The answer should consist of the full listing below, repeated exactly and free of pictures.

_Given information_:

####################

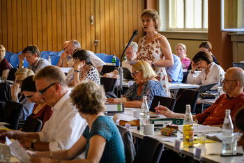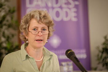Für den Ausschuss für Mission und Ökumene berichtete die Synodale Ruth Scheffler-Hitzegrad (Caden...
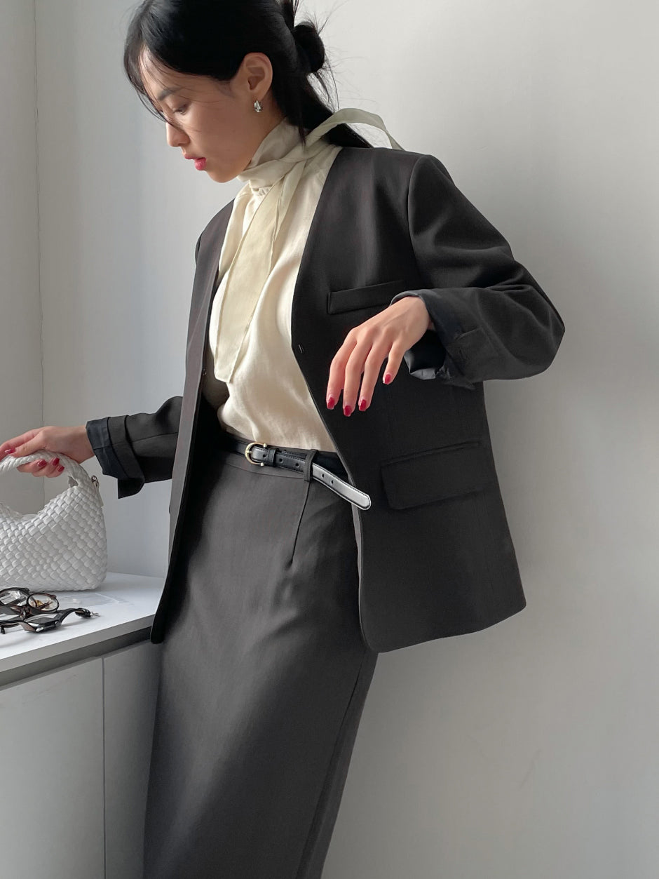 [セットアップ可/スリーピース]バードノーカラールーズフィットジャケット
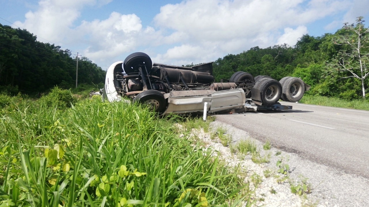 Felipe Carrillo Puerto.- Aparatosa volcadura de un tráiler deja cuantiosos daños materiales que pudieran alcanzar los 300 mil pesos.

####################

_Answer section_:
Für den Ausschuss für Mission und Ökumene berichtete die Synodale Ruth Scheffler-Hitzegrad (Caden...
 [セットアップ可/スリーピース]バードノーカラールーズフィットジャケット
 Felipe Carrillo Puerto.- Aparatosa volcadura de un tráiler deja cuantiosos daños materiales que pudieran alcanzar los 300 mil pesos.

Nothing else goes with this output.